To identify the most likely functional variant(s), we performed functional annotation of the associated variants. The primary signal, rs72918674, is in LD with two missense variants in MS4A6A (rs7232 p.T185S; rs583791 p.A112T; first LD block; Table S5; Fig. S5A; Fig. 2B). The secondary signal, rs1089702, is in LD with two missense variants (rs10750931 p.K52E; rs6591561 p.M178V; second LD block; Table S5; Fig. S5A; Fig. 2B) in MS4A4A as well as in LD in two missense variants (rs674971 p.A146S; rs7929057 p.G77D) in MS4A4E.

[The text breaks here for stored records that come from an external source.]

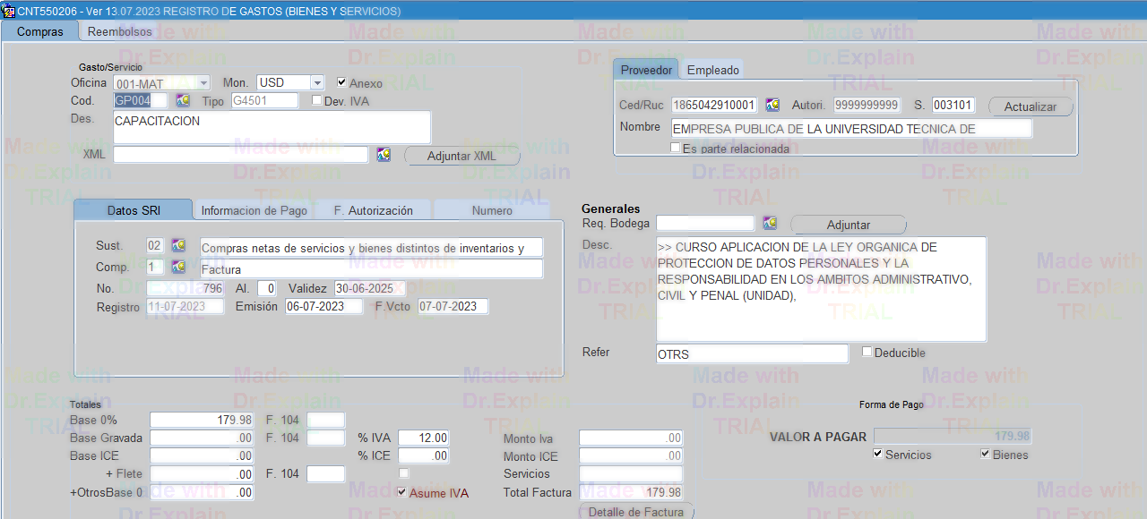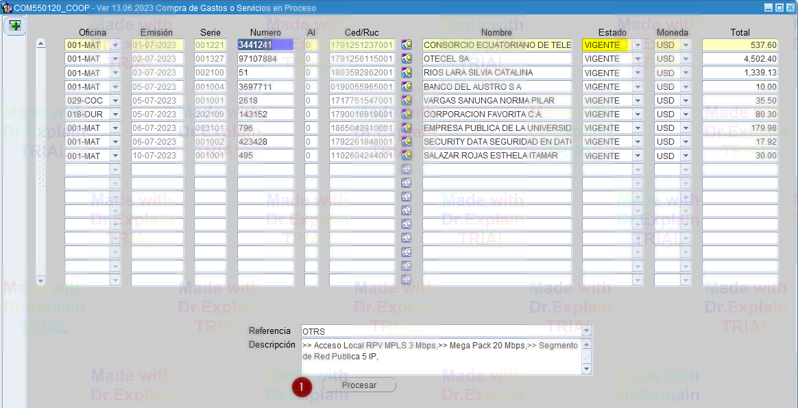 3.2.1.5. Compras en Proceso (Bienes y Servicios)
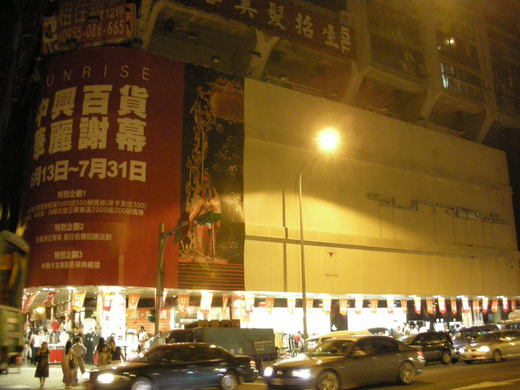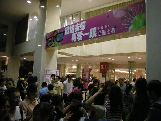 中興的最後一夜,倒是可惜了。曾經引領時尚潮流,以「流行百貨」自居的中興,最後的一夜竟在如同夜市拍賣的吵雜聲中結束。原本引以為傲的文化櫥窗,早就被品質如夜市般的攤販阻擋,其他樓層也充滿了拍賣的叫聲。裡面只有二樓國內設計師維持格調,默默的迎接這一刻的到來,優雅的謝幕。
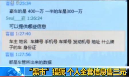 一个叫“诚信数据”的人主动向记者兜售车主信息,豪车车主标价400元一万条信息,普通车车主300元一万条。“诚信数据”为了证明自己的“诚信”,主动给记者发过来多条车主信息验货,包括车主的姓名、车牌号、手机号、车架号、发动机号。拨打这些车主的手机后,记者发现这些信息全部是真实的。此人声称自己还出售个人全套信息,从身份证复印件、家庭成员、户口本复印件、到网络账户名都在其中,全套信息的价格是每套3元。
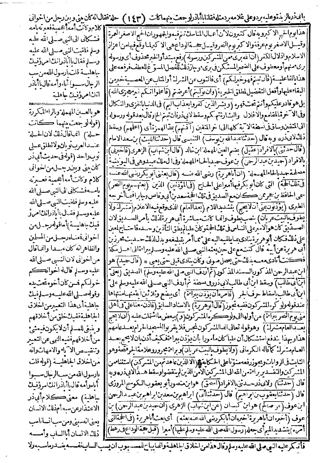 (حميد بن عبد الرحمن) بن عوف حميد بالحاء المهملة وفي آل ملك عبيد وهي في اليونينية مصلحة حميد بالحاء المهملة (أن أبا هريرة) -رضي الله عنه- (قال: بعثني أبو بكر رضي الله عنه في تلك الحجة) التي كان أبو بكر فيها أميرًا على الحاج (في المؤذنين) الذين (بعثهم يوم النحر) سمى الحافظ ابن حجر ممن كان مع الصديق في تلك الحجة سعد بن أبي وقاص وجابرًا فيما أخرجه الطبري (يؤذنون بمنى أن لا يحج) بتشديد اللام (بعد العام) الذي وقع فيه الإعلام (مشرك ولا يطوف بالبيت عريان). بنصب يطوف وإنما كانت مباشرة أبي هريرة لذلك بأمر الصديق، لأن الصدّيق كان هو الأمير على الناس في تلك الحجة، وكان عليًّا لم يطق التأذين وحده فاحتاج لمعين على ذلك، فكان أبو هريرة ينادي بما يلقيه إليه عليّ مما أمر بتبليغه، ويدل لذلك حديث محرز بن أبي هريرة عن أبيه قال: كنت مع علي حين بعثه النبي -صَلَّى اللَّهُ عَلَيْهِ وَسَلَّمَ- ببراءة إلى أهل مكة فكنت أنادي معه بذلك حتى يصحل صوتي وكان ينادي قبلي حتى يعني.
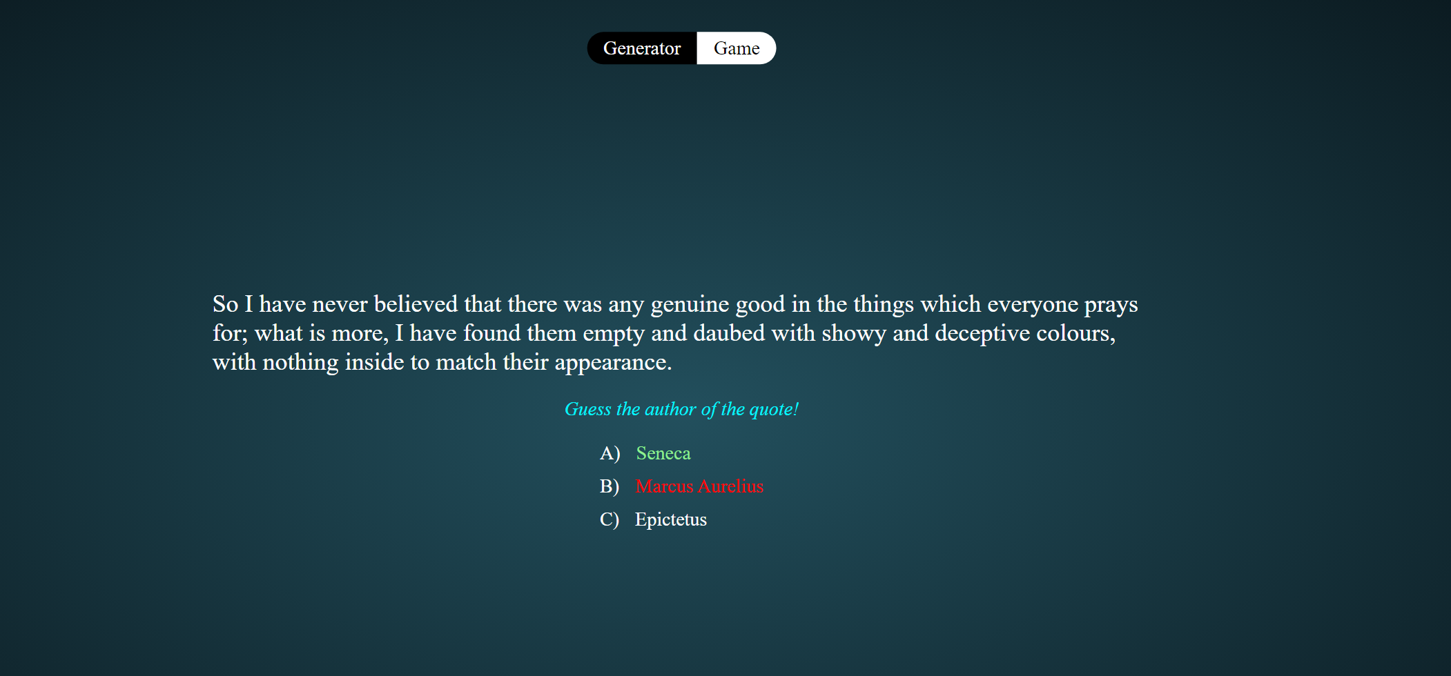Uses a stoic quote API to generate and display a quote and it's author. User can toggle between modes, generator or game. The game consists of guessing the correct author of the given quote.
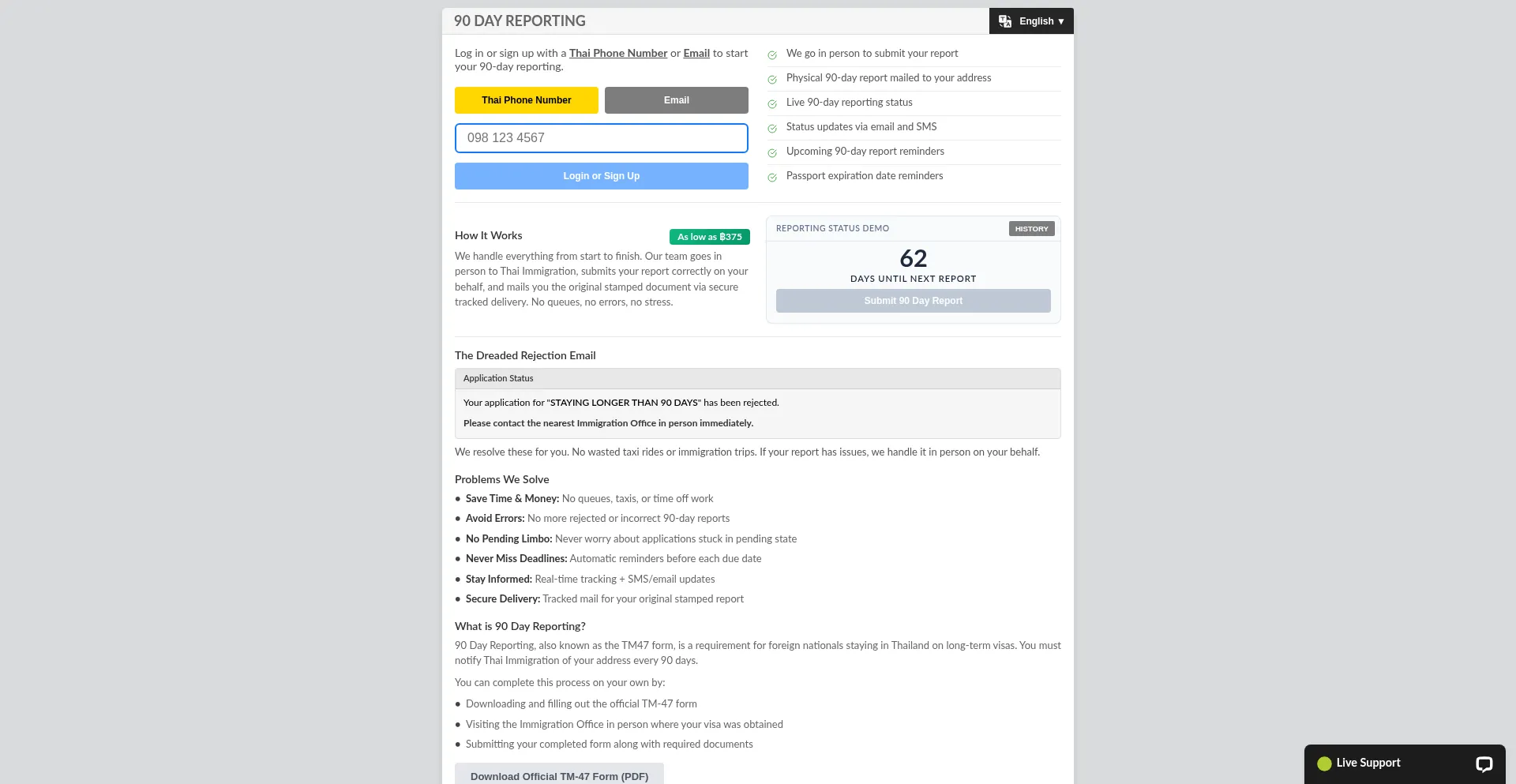 Hassle-free 90-day immigration reporting service for expats in Thailand. We handle your visa reporting requirements with secure tracked delivery.
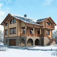 Краткая характеристика проекта: дом с мансардой и цокольным этажом 15x15 (15 на 15 м), общей площадью 409 кв.м, из дерева, с гаражом, с террасой, с котельной, с кухней-столовой.
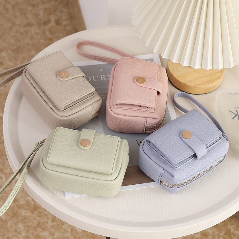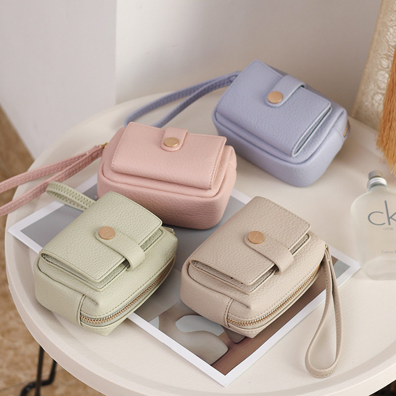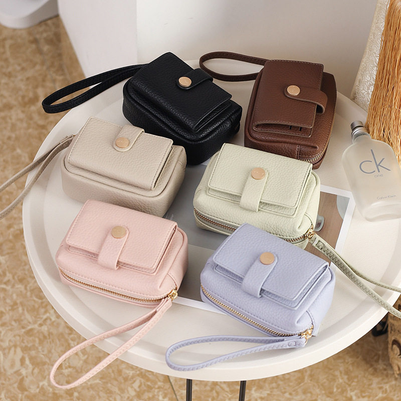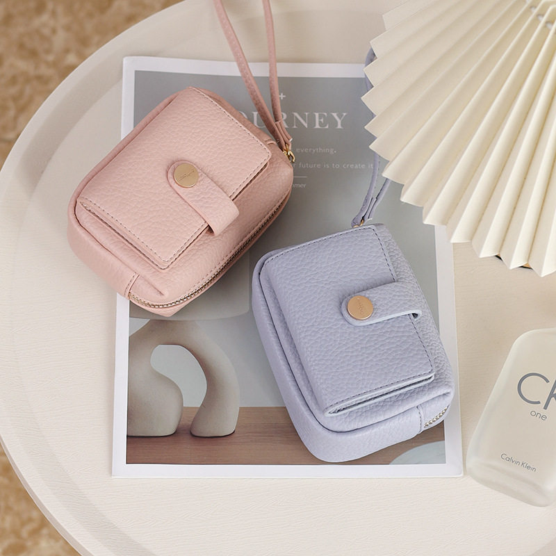 New Women's Coin Purse from the Source Manufacturer, Korean and Japanese Style Pu Leather Zipper Buckle Wrist Strap Student Ins Trendy Storage Bag
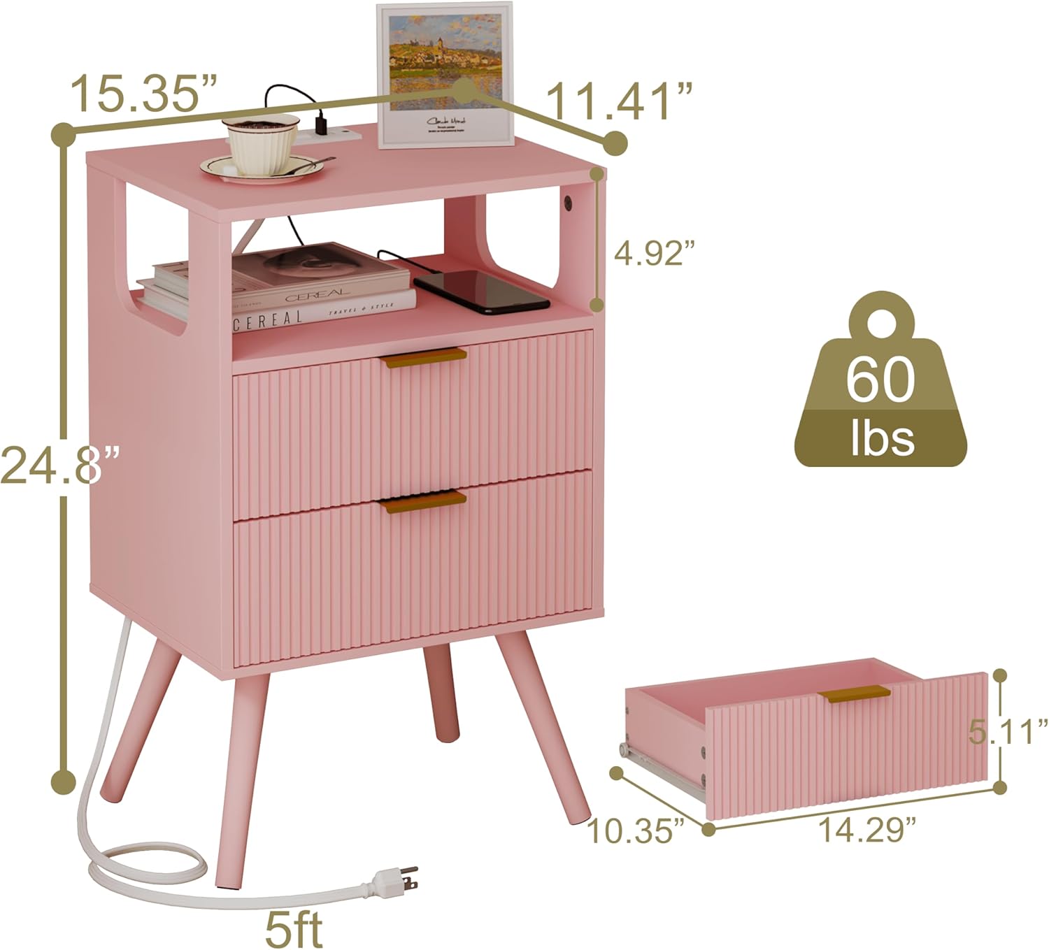 - Embrace the modern touch: A classic pink vertically textured faucet, this nightstand gives off a modern touch in your bedroom. With a row insert makes it more practical, the atmosphere lamp is a good addition to the fun of life, it can also be used as a side table or coffee table for the whole family to attract attention, adding elegance to family life.
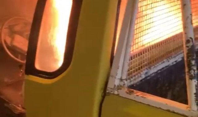 Park halindeki kamyonet alev aldı
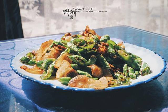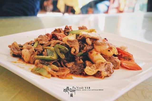 新年期间几乎80%以上的餐厅都不开门,好在酒店附近有一家小小川菜馆还开着,环境比较简陋,不过靠门的位置晒得到太阳,阳光暖洋洋的洒进来,还挺舒服的。点了一些小炒肉、焖茄子的家常菜,我们几个狼吞虎咽的几乎都吃干净了,作为来西藏的第一餐,表示味道还不错,之后的第二晚仍然在这家解决了。
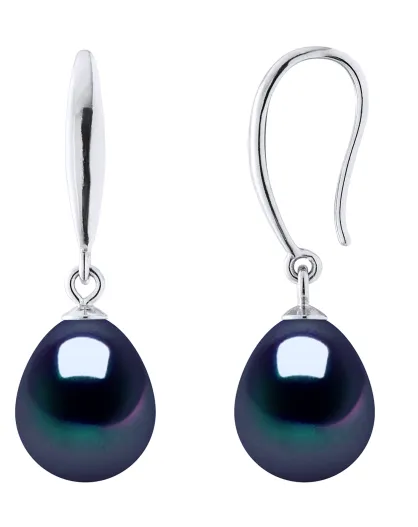 Pendientes de plata y perlas cultivadas de agua dulce con peras negras
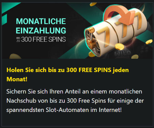 Zweimal monatlich besteht bei 1Bet die Möglichkeit, Einzahlungen ab 20 Euro mit bis zu 100 Free Spins aufzuwerten. Bei der Kampagne handelt es sich um einen Freispiel-Reload Bonus. Die Eingabe des Codes sowie die Einzahlungshöhe entscheiden darüber, wie viele Gratis Spins im Einzelnen gewährt werden.

While some of the missense variants may be the causal variants modifying sTREM2 levels, the remaining variants would be in LD with the functional variants. As LD structure varies across populations due to random genetic drift, genetic mutation, and recombination events [29],analyses of other ethnicities can help distinguish the functional variants from those in LD. To achieve this goal of fine-mapping, we performed an association analysis in 250 non-EURs (Table S6 and Fig. S1C). In the first LD block that contained the primary signal, one missense variant p.A112T in MS4A6A (P=6.96×10-3) remained significant at P < 0.05. This missense variant had an LD R2 of 0.363 with the primary index variant in the non-EURs population (Table S7 and Fig. 2B). The effect sizes for these variants were consistent across populations (Table S5). In the second LD block that contained the secondary signal, only one missense variant p.M178V in MS4A4A (P=1.75×10-2) was significant in the non-EURs, with consistent effect size (β=-0.278 in EURs vs. -0.209 in non-EURs). These results suggest that the MS4A6A p.A112T and the MS4A4A p.M178V variants may be the functional SNPs driving the association in this locus. However, the effects of the variants are in opposite direction, with minor allele of p.A112T being associated with higher CSF sTREM2, and the minor allele of p.M178V being associated with lower CSF sTREM2. In both cases, the allele associated with higher CSF sTREM2 levels is associated with lower AD risk.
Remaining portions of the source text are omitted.